(Task details): For the material below, reproduce exactly each line from the one that has "以前に学校探検で図書室を見付" through the one that has "ちりめん丼は「釜あげちりめん", and no others; pictures stay out.

(Exercise materials):
# # # # #
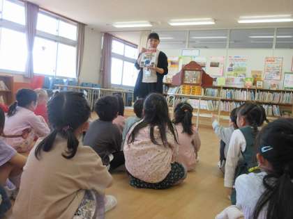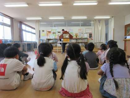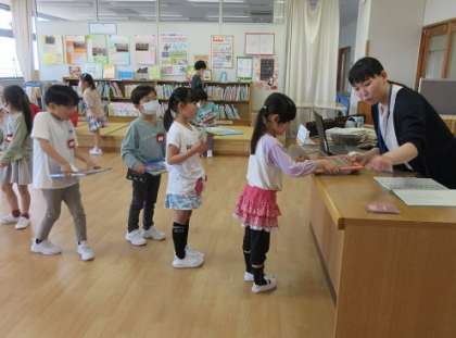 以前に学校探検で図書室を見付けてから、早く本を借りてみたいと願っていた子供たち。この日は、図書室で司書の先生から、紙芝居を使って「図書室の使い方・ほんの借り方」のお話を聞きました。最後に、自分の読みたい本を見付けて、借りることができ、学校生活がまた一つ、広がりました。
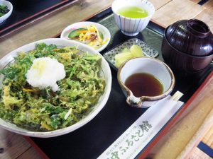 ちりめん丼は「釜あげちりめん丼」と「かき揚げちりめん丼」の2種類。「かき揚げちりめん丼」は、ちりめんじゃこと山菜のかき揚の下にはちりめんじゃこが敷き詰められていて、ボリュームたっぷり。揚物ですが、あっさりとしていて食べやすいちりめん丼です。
# # # # #
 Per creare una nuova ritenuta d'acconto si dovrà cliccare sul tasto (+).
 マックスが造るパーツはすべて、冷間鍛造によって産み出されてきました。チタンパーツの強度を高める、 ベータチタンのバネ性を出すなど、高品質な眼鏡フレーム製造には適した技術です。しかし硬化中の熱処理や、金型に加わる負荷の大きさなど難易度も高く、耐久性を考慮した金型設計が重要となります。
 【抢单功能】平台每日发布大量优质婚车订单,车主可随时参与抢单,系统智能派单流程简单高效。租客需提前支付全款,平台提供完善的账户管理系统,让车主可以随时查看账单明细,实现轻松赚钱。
# # # # #
(Answer below):
 以前に学校探検で図書室を見付けてから、早く本を借りてみたいと願っていた子供たち。この日は、図書室で司書の先生から、紙芝居を使って「図書室の使い方・ほんの借り方」のお話を聞きました。最後に、自分の読みたい本を見付けて、借りることができ、学校生活がまた一つ、広がりました。
 ちりめん丼は「釜あげちりめん丼」と「かき揚げちりめん丼」の2種類。「かき揚げちりめん丼」は、ちりめんじゃこと山菜のかき揚の下にはちりめんじゃこが敷き詰められていて、ボリュームたっぷり。揚物ですが、あっさりとしていて食べやすいちりめん丼です。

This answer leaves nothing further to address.